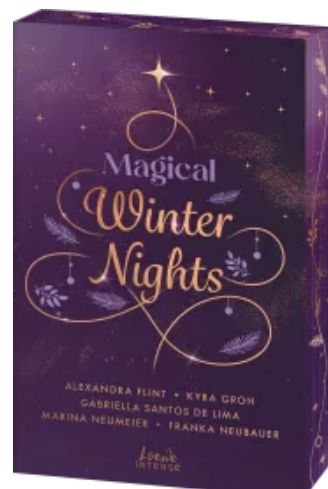
Magical Winter Nights Paperback
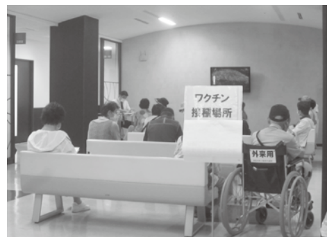
ワクチン接種会場

【保健福祉課長】6月4日現在においては、昭和27年4月1日生まれの方まで接種券を発送しておりそれ以後に生まれた方へも順次発送して
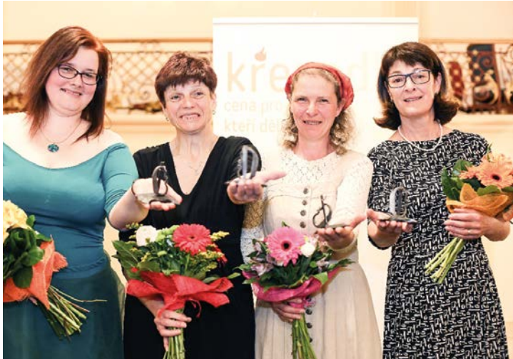
Majitelky Křesadla 2017.

Při slavnostním ceremoniálu byly oceněny 4 dobrovolnice „cenou pro obyčejné lidi, kteří dělají neobyčejné věci“ Křesadlo 2017.
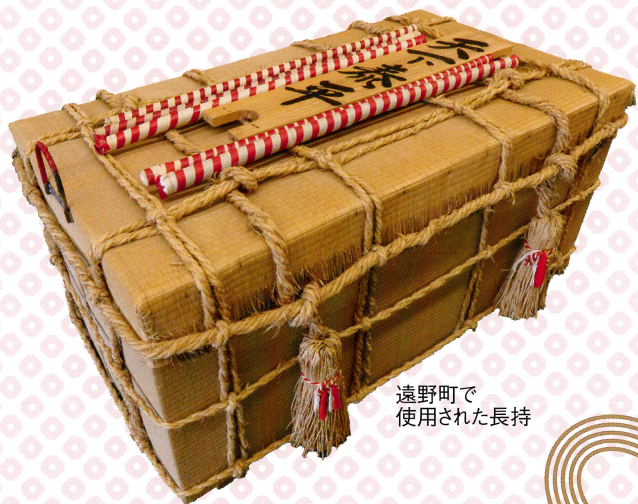
遠野町で使用された長持
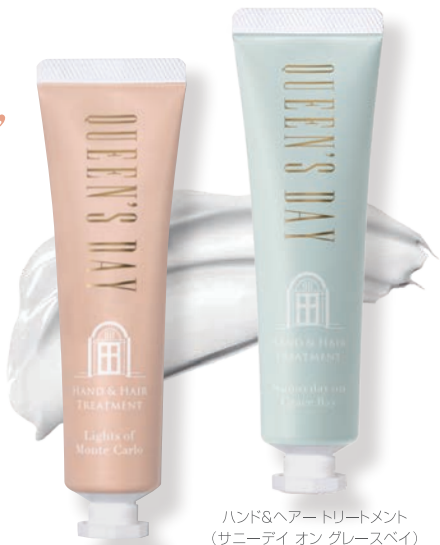
ハンド&ヘアートリートメント (ライツ オブ モンテカルロ)

コクのあるリッチな純白クリームが、肌に溶け込むようになじみ贅沢な香りが心にまで寄り添い癒します。
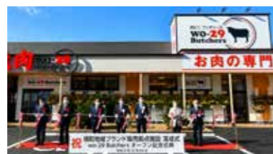
境町に本格的な焼肉店がオープンしました

施設内には、常陸牛や梅山豚、旬の野菜など境町の特産品を販売する物販店舗と、焼肉店「wo-29 Butchers」（おにくブッチャーズ）がオープンし、すぐ隣にある境町サッカー場や境町アーバンスポーツパークなどのスポーツ施設と合わせて、県内外から多くの人が訪れる施設になると期待が寄せられています。
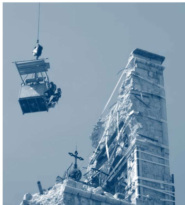
● Messa in sicurezza del campanile di San Bernardino a L'Aquila
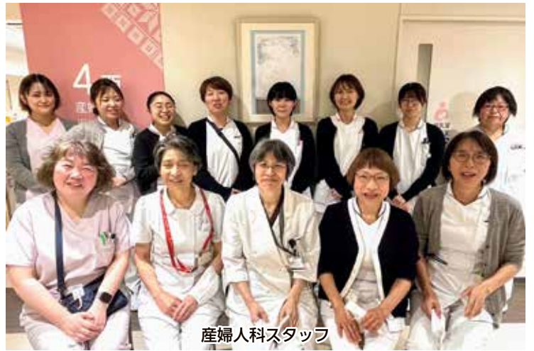
産婦人科スタッフ

産婦人科病棟では、婦人科治療や妊娠・分娩・産後の患者さんが入院しており、女性ならではの悩みや不安に対して、思いや訴えに耳を傾け寄り添う看護提供を心掛けています。「赤ちゃんにやさしい病院（BFH）」認定病院であり、助産師が皆様の一人一人のパートナーとなって「自然なお産」と「母乳育児」
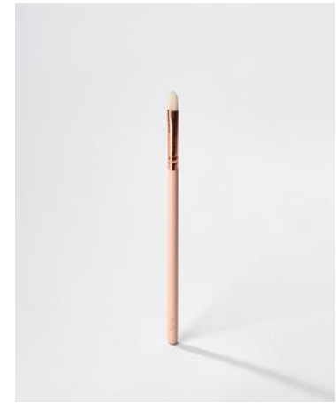
the blender – the lip
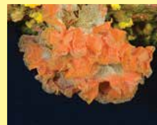
10-10/ב תחרה ימית

_Prompt_
Repeat all of the entries word for word, but omit the pictures.

_Task result_
Magical Winter Nights Paperback
ワクチン接種会場

【保健福祉課長】6月4日現在においては、昭和27年4月1日生まれの方まで接種券を発送しておりそれ以後に生まれた方へも順次発送して
Majitelky Křesadla 2017.

Při slavnostním ceremoniálu byly oceněny 4 dobrovolnice „cenou pro obyčejné lidi, kteří dělají neobyčejné věci“ Křesadlo 2017.
遠野町で使用された長持
ハンド&ヘアートリートメント (ライツ オブ モンテカルロ)

コクのあるリッチな純白クリームが、肌に溶け込むようになじみ贅沢な香りが心にまで寄り添い癒します。
境町に本格的な焼肉店がオープンしました

施設内には、常陸牛や梅山豚、旬の野菜など境町の特産品を販売する物販店舗と、焼肉店「wo-29 Butchers」（おにくブッチャーズ）がオープンし、すぐ隣にある境町サッカー場や境町アーバンスポーツパークなどのスポーツ施設と合わせて、県内外から多くの人が訪れる施設になると期待が寄せられています。
● Messa in sicurezza del campanile di San Bernardino a L'Aquila
産婦人科スタッフ

産婦人科病棟では、婦人科治療や妊娠・分娩・産後の患者さんが入院しており、女性ならではの悩みや不安に対して、思いや訴えに耳を傾け寄り添う看護提供を心掛けています。「赤ちゃんにやさしい病院（BFH）」認定病院であり、助産師が皆様の一人一人のパートナーとなって「自然なお産」と「母乳育児」
the blender – the lip
10-10/ב תחרה ימית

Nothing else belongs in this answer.